The importance of explaining your chart: the case of the red 118
Flooding the Himalayas

The Earth Institute needs a graphics advisor

Reader Dave S. was disturbed by the graphics in the inaugural World Happiness Report, published by Jeffrey Sachs's Earth Institute (link). It's a 200-page document with lots of graphs, many of which require rework.

Here's a pie chart showing (purportedly) what "happy" people in Bhutan are happy about:

I'm really curious how these domains add up to 100% exactly. Since the data came from some kind of survey, you typically would allow each respondent to pick more than one domains in which he or she is happy.
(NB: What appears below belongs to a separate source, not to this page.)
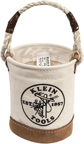 The Klein Tools Mini Leather-Bottom Bucket is perfect for trade professionals or a gift for your favorite Klein Tools enthusiast. Made of heavy duty natural canvas with a rope handles and leather-reinforced bottom, the bucket features the strength of larger Klein Tools canvas buckets, but on a much smaller scale.
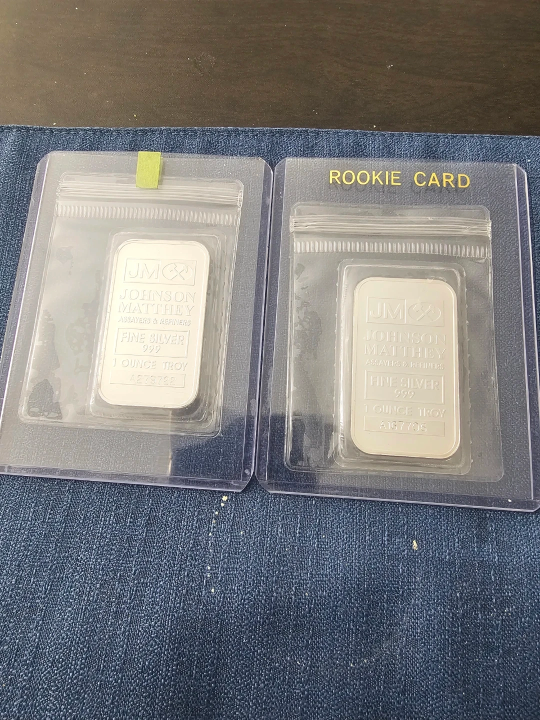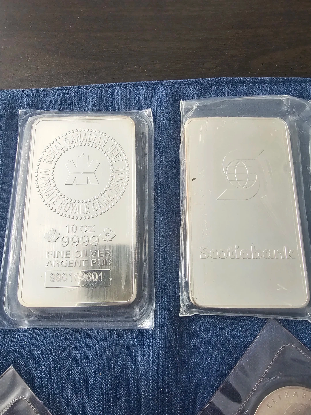 2 bars 10 oz each,2 bars 1 oz each,3 maples including a rare one,one morgan silver dollar, a little shy of 26 oz in total(25 oz 26.73 gms ) ,price is firm and selling everything altogether only,meet at a police station or a public place ,pickup is hurontario and wanless Bramptonim asking 1650 each for the two 10 oz bars,167 each for the JM bars,165 each for the 3 maples including the rare maple and again 170 for the Morgan silver $.

If that is the case, then it would not make sense to add up responses, nor would the total (100%) signify anything.

If, on the other hand, respondents are forced to pick only one domain, it is very suspicious that all 9 domains would essentially receive the same number of votes. Nor would it make sense to ask survey-takers to select only one domain if all 9 domains contribute to someone's happiness.

Pie charts are perhaps the most abused chart type. There are just endless examples of poorly executed pie charts (just browse my last few posts). The prevalence of abuse may be reason enough to ban them.


Paired with Figure 4 shown above is Figure 5 shown below, which deepens the mystery:


Compare the captions. What's the difference between "In which domains do happy people enjoy sufficiency?" and "Indicators in which happy people enjoy sufficiency"? The categories are related but not identical (Education vs. Schooling, Health vs. Self reported health status, etc.) However, in Figure 5, the distribution is uniform as in Figure 4. Is the data contradictory? Or the captions misleading?

This column chart would be better presented as a horizontal bar chart so that readers don't have to break their necks trying to read the category names.

The designer should also perform the routine task to get rid of the 120% tick mark on the proportion axis that comes from Excel.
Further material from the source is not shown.